WORK REQUEST
Produce word for word the lines of the data below running from the one that has "Welcome to Routley" to the one that has "为深入学习贯彻习近平新时代中", inclusive, and no others.

Top of RECORDS SHOWN

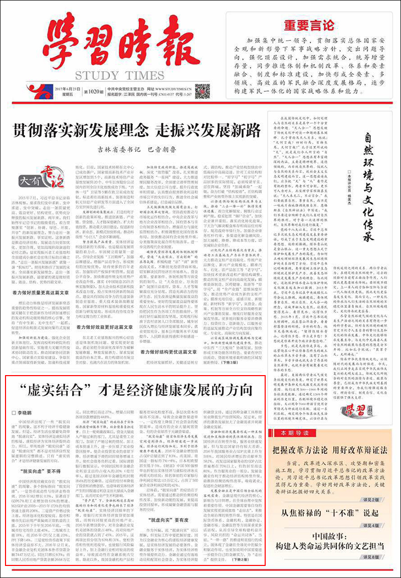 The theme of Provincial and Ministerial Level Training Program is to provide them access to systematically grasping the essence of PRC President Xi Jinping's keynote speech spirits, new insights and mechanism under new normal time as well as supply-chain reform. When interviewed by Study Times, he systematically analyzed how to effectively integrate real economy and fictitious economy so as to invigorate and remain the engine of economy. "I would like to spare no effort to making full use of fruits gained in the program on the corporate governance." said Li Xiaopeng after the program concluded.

Bottom of RECORDS SHOWN
Top of RECORDS SHOWN

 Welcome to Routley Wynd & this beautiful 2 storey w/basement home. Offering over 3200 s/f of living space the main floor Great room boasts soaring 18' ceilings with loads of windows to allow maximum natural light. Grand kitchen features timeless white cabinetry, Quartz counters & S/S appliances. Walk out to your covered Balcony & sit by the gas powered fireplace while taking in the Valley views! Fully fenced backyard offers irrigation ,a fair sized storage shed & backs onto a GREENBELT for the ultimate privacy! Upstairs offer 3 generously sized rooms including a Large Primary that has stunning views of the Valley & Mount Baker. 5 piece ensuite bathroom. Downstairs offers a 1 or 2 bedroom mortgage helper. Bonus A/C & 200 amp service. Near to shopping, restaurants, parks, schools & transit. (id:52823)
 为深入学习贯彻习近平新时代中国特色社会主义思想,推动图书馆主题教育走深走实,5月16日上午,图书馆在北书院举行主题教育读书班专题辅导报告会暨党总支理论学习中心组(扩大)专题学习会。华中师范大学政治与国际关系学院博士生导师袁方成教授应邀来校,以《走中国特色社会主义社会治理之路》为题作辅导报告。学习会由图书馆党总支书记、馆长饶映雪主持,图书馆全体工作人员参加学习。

Bottom of RECORDS SHOWN

FINAL ANSWER
 Welcome to Routley Wynd & this beautiful 2 storey w/basement home. Offering over 3200 s/f of living space the main floor Great room boasts soaring 18' ceilings with loads of windows to allow maximum natural light. Grand kitchen features timeless white cabinetry, Quartz counters & S/S appliances. Walk out to your covered Balcony & sit by the gas powered fireplace while taking in the Valley views! Fully fenced backyard offers irrigation ,a fair sized storage shed & backs onto a GREENBELT for the ultimate privacy! Upstairs offer 3 generously sized rooms including a Large Primary that has stunning views of the Valley & Mount Baker. 5 piece ensuite bathroom. Downstairs offers a 1 or 2 bedroom mortgage helper. Bonus A/C & 200 amp service. Near to shopping, restaurants, parks, schools & transit. (id:52823)
 为深入学习贯彻习近平新时代中国特色社会主义思想,推动图书馆主题教育走深走实,5月16日上午,图书馆在北书院举行主题教育读书班专题辅导报告会暨党总支理论学习中心组(扩大)专题学习会。华中师范大学政治与国际关系学院博士生导师袁方成教授应邀来校,以《走中国特色社会主义社会治理之路》为题作辅导报告。学习会由图书馆党总支书记、馆长饶映雪主持,图书馆全体工作人员参加学习。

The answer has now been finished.